We next characterized the secondary (Supplementary Figure S1) and tertiary structures of the spike (Figure 1C) based on the consensus sequences of SARS-CoV-2, bat SL-CoV, and SARS-CoV.

3.4. Multi-Epitope Vaccine Design and Characterization

To design a multi-epitope vaccine, the prioritized epitopes were joined together by using the AAY linker. The AAY linker increases the structural stability and immunogenicity of the vaccine construct. An adjuvant β-defensin was added at the N-terminal of the vaccine construct by the EAAAK linker to enhance the antigenicity (Figure 2A). Overall antigenicity was confirmed by analysis with the Vaxijen server, and allergenicity was checked by AllergenPro, confirming that it was not an allergen in nature. Overall antigenicity of the vaccine construct was 2, proposing the vaccine construct as antigenic in nature.

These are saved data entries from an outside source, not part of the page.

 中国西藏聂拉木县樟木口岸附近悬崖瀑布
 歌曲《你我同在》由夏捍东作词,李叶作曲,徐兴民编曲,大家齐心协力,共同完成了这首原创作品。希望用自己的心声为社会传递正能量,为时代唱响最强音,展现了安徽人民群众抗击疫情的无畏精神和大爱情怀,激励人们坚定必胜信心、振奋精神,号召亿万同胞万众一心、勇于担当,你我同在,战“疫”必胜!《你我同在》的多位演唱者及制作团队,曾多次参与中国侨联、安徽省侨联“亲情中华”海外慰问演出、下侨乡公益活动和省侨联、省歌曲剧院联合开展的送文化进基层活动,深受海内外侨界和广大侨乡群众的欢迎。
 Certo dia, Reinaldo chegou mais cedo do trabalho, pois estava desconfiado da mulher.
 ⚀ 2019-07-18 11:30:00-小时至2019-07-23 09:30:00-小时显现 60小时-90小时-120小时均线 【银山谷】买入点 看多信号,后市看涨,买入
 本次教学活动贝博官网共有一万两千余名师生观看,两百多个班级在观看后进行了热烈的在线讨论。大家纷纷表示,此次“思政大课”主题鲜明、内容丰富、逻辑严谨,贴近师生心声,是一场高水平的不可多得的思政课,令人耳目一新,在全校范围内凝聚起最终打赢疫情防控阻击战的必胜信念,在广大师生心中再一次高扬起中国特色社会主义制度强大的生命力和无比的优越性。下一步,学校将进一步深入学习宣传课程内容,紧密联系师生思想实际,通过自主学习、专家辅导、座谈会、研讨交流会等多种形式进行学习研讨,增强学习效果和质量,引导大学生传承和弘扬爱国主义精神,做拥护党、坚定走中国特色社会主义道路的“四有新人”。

3.5. Secondary and Tertiary Structure Prediction and Validation

The information regarding the quality of the secondary and tertiary structure of the vaccine construct is of significant importance in designing a vaccine. It is important for the efficient presentation of epitopes on MHC to stimulate a strong immune response [33,34]. The secondary structure of the vaccine was predicted by PESIPRED and PDBsum. The secondary structure analysis showed that it had three sheets, three beta alpha beta units, two beta hairpin, one beta bulge, nine strands, 18 helices, 14 helix–helix interacts, 37 beta turns, and 13 gamma turns (Supplementary Figure S2). The further tertiary structure was predicted by using I-TASSER [35]. Five 3D structures of vaccine construct were predicted by the I-TASSER on the basis of ten threading templates, with confidence score (C-score) values (−3.96 to −1.31). Usually, the high C score model represents high stability and confidence. Tertiary structure refinement (Figure 2A) indicates that an area of 92.7% of the vaccine construct was in the favorable region, 6.5% in the allowed region while 0.8% was in the outlier region, suggesting that it is a stable structure (Figure 2B). The predicted model quality was further confirmed by ProSA, showing a Z score as 1.5 (Figure 2C).

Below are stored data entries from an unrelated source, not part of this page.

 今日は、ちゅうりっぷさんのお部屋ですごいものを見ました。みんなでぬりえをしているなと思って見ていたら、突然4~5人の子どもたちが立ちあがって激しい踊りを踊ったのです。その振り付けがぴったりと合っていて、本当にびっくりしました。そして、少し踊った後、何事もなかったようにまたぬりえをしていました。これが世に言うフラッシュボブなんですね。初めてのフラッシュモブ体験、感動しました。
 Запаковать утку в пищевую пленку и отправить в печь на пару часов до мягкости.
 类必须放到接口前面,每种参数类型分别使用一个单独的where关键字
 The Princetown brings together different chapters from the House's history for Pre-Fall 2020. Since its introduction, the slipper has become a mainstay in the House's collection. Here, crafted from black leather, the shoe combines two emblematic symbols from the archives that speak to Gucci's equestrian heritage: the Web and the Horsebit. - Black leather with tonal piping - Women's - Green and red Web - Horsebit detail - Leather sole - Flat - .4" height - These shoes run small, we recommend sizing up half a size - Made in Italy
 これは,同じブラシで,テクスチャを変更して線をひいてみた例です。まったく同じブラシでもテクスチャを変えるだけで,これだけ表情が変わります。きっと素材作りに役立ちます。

3.6. Prediction of Physiochemical Properties

The ideal vaccine construct should have viable physiochemical properties. The physiochemical properties of this vaccine candidate were estimated by ProtParam. The molecular weight of the vaccine construct was 40,812 and the isoelectric point was 8.5, thus representing it as basic in nature. The vaccine half-life was estimated to be 30 h in mammalian reticulocytes in vitro, less than 20 h in yeast in vivo, and less than 10 h in Escherichia coli in vivo. The instability index was calculated to be 26.91 classifying it as a stable protein. The aliphatic index was 94.04 and the grand average of hydropathicity was 0.134.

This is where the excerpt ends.